**Source records:**
##########

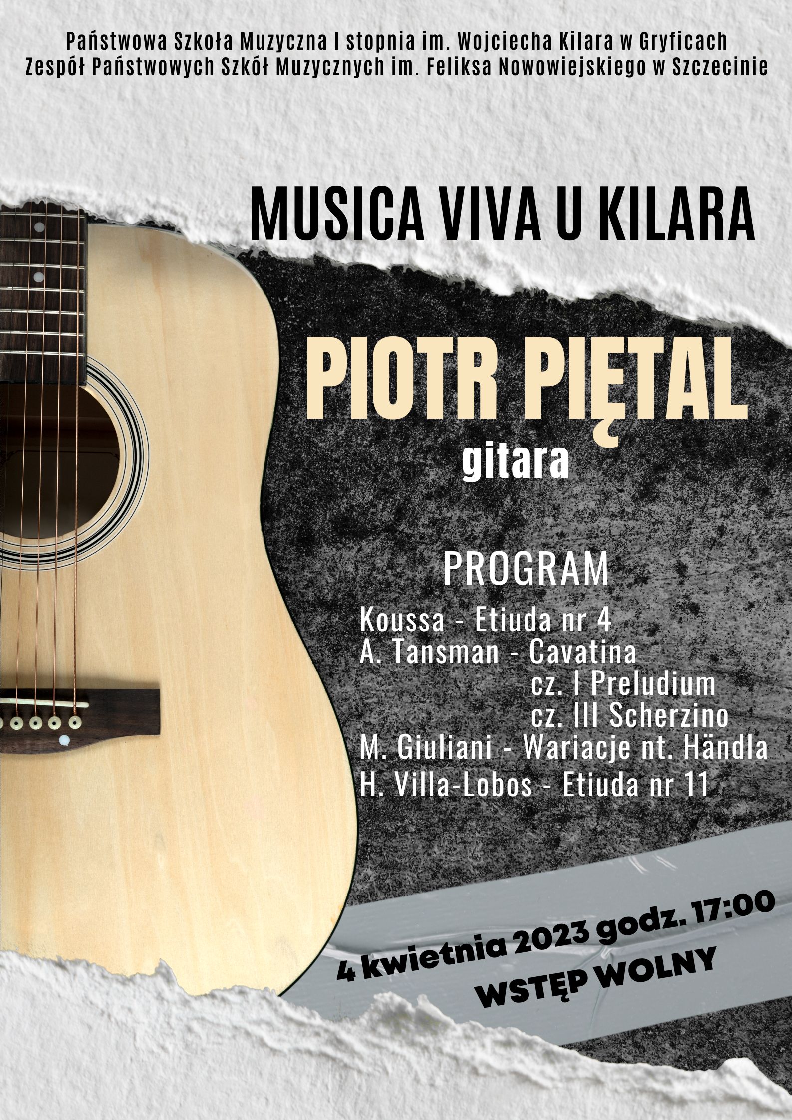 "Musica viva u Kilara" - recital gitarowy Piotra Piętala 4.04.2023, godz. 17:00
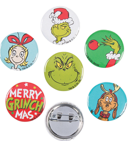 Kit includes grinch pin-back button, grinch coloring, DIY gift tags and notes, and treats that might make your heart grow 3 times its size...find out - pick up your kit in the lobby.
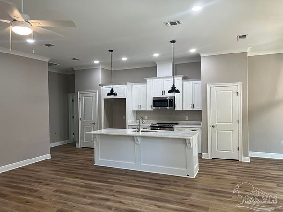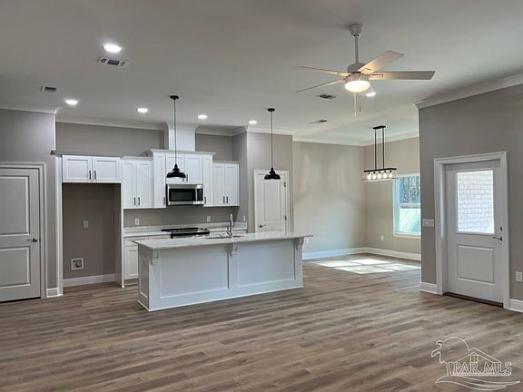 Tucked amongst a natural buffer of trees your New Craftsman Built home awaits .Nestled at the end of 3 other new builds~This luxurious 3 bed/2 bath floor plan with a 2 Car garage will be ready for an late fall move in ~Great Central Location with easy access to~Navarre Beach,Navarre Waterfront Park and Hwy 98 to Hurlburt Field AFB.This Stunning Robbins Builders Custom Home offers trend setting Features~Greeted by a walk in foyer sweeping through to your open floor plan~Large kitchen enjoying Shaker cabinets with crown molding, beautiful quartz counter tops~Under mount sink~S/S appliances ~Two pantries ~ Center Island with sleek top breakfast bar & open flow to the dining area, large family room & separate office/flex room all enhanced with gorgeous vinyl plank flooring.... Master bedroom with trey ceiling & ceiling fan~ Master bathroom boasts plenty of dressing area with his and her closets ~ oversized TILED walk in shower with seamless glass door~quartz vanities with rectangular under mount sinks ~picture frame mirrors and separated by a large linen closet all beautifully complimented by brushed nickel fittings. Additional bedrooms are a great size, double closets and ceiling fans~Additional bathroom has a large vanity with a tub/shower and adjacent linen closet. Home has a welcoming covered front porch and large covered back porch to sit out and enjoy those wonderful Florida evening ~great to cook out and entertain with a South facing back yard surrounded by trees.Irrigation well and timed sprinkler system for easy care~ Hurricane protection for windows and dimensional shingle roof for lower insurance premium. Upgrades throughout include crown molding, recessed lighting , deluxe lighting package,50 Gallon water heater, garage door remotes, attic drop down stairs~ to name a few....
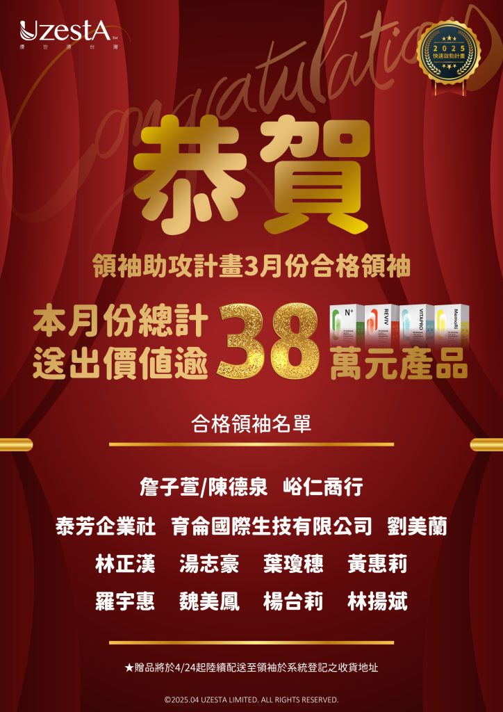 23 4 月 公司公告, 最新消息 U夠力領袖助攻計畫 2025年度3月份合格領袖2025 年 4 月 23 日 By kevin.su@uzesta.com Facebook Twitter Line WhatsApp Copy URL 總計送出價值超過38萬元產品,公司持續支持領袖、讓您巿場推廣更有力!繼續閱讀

##########

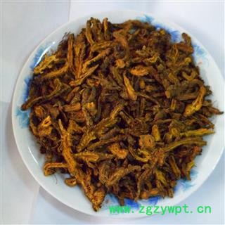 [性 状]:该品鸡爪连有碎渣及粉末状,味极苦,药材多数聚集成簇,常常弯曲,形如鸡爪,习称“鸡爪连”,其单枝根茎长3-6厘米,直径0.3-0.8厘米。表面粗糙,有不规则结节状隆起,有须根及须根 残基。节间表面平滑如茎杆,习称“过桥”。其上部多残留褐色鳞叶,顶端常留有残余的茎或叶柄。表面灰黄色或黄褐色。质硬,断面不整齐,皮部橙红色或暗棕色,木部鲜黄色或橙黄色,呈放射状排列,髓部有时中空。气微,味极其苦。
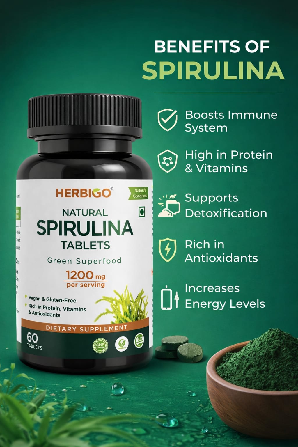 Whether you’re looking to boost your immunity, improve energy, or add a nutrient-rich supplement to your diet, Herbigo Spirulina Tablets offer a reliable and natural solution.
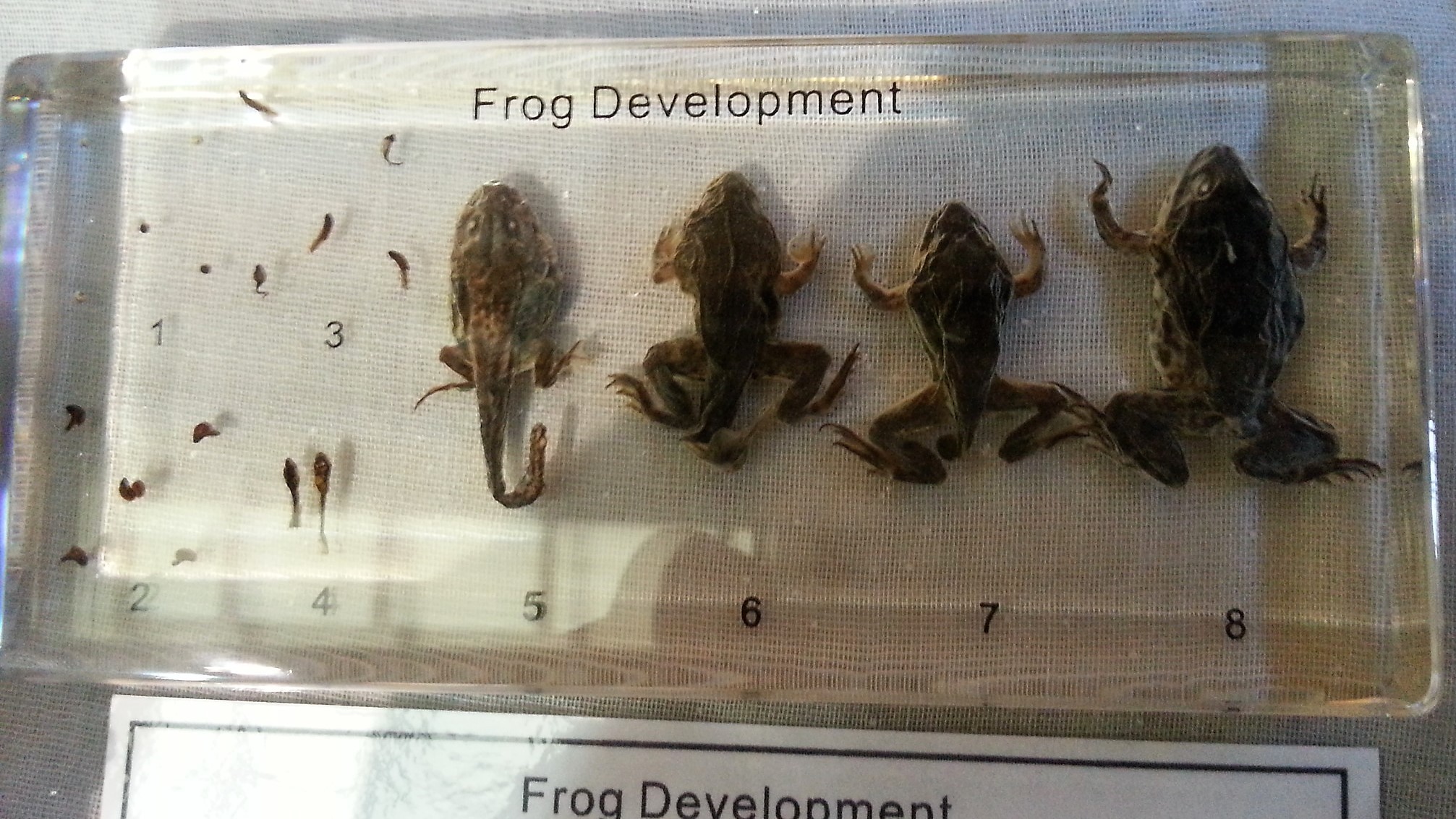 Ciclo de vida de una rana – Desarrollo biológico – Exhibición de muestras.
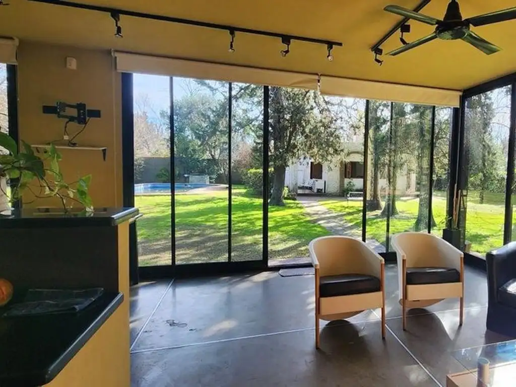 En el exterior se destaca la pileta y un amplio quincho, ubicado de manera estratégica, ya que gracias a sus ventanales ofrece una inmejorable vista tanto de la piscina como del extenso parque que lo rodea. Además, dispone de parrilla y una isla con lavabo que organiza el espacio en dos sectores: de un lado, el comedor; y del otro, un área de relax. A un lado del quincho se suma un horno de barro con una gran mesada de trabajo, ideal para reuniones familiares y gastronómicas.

##########

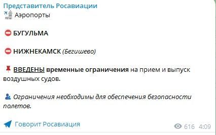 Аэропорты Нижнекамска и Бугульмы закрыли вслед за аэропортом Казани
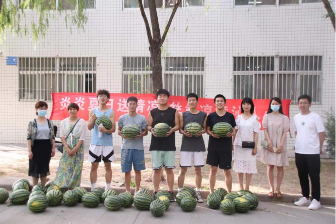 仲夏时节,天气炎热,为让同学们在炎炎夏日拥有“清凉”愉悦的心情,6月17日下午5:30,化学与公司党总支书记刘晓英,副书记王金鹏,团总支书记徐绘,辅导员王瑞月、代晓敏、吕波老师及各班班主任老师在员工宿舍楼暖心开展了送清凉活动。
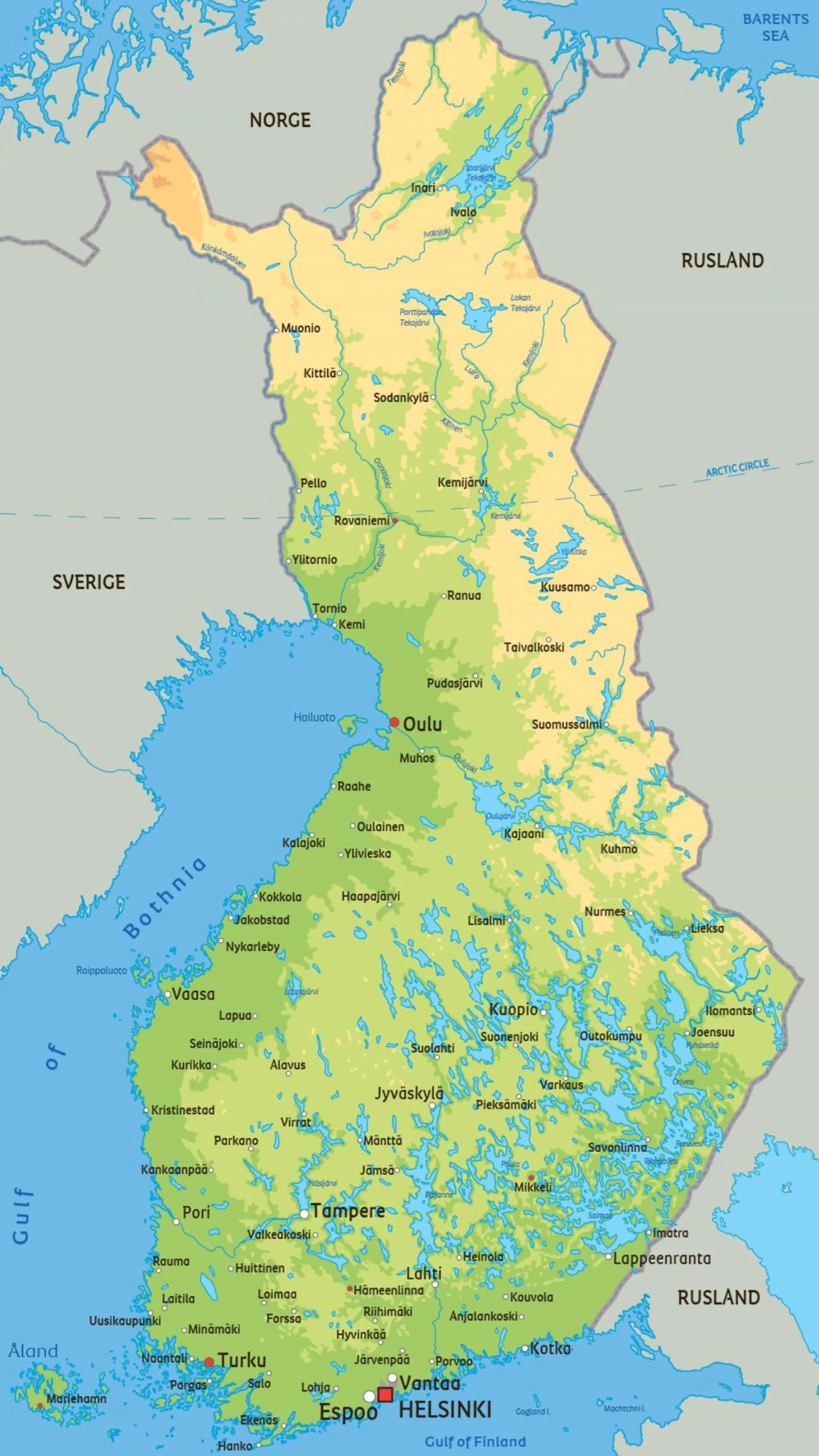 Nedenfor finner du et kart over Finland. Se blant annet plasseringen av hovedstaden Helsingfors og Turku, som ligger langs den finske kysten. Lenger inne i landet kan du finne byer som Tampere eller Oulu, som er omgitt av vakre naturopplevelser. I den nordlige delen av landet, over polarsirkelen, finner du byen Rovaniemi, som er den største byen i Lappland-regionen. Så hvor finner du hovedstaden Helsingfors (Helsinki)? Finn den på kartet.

##########

**Instructions to follow:**
What is needed is an exact copy of the lines above, from the one holding "Аэропорты Нижнекамска и" down to the one holding "仲夏时节,天气炎热,为让同学", with those two included and the pictures left out.

**Result of this task:**
 Аэропорты Нижнекамска и Бугульмы закрыли вслед за аэропортом Казани
 仲夏时节,天气炎热,为让同学们在炎炎夏日拥有“清凉”愉悦的心情,6月17日下午5:30,化学与公司党总支书记刘晓英,副书记王金鹏,团总支书记徐绘,辅导员王瑞月、代晓敏、吕波老师及各班班主任老师在员工宿舍楼暖心开展了送清凉活动。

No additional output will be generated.